In Skipgram just the opposite given the word jump, we would want to predict (the quick brown box, over the lazy log)

#### But how does the models learn?
I tried to make an image as that would be easier to grasp. It might look scary at first but I will try my best to explain.
Lets's start with CBOW, we take the sentence "Natural Language Processing" where "Natural" and "Processing" are context words and "Language" is the target word. We have a shallow network as shown above with a single hidden layer. 

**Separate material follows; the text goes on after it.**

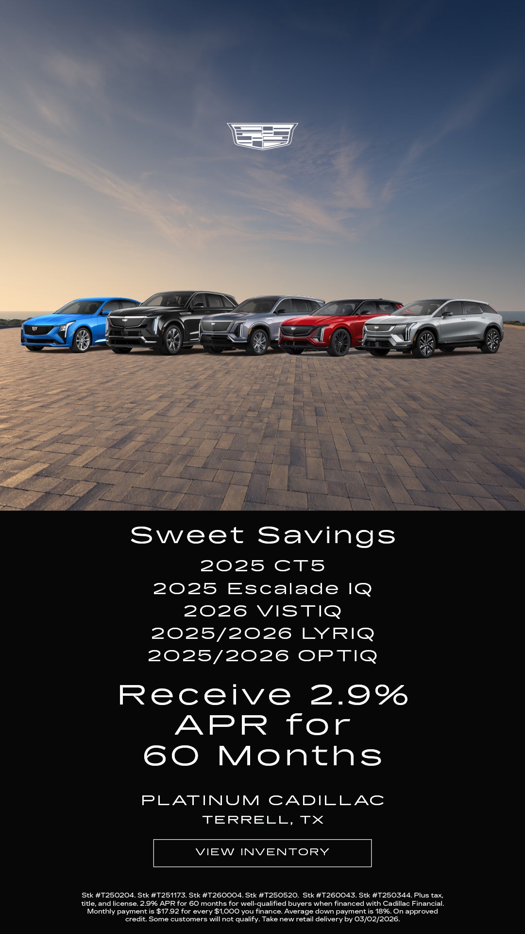 Stk #T250204. Stk #T251173. Stk #T260004. Stk #T250520. Stk #T260043. Stk #T250344. Plus tax, title, and license. 2.9% APR for 60 months for well-qualified buyers when financed with Cadillac Financial. Monthly payment is $17.92 for every $1,000 you finance. Average down payment is 18%. On approved credit. Some customers will not qualify. Take new retail delivery by 03/02/2026.

So the input is a one-hot encoded vector of V terms, V being the size of vocabulary (total number of unique words) with only single 1. So let's say we have only 5 words in vocabulary (Natural, Language, Processing, is, great). The vector for Natural will be [1, 0, 0, 0, 0]. Similarly for Processing it will be [0, 0, 1, 0, 0].
Now, we have a randomly initialised Embedding vector(E) with size V * D where D is the dimension size of the vector which you can choose on. This is the weight matrix for the input layer.
So, we multiply the input one-hot encoded vector with the weights/embedding vector. This gives the embedding vectors for the context words of size 1 * D.

Now in the hidden layer, we average the emedding vectors for the context words which forms the input for this layer of size 1* D. This is multiplied by another Vector called Context Vector (E') with size D * V. This gives us a vector of 1 * V which is then passed through a sigmoid function to get the final output.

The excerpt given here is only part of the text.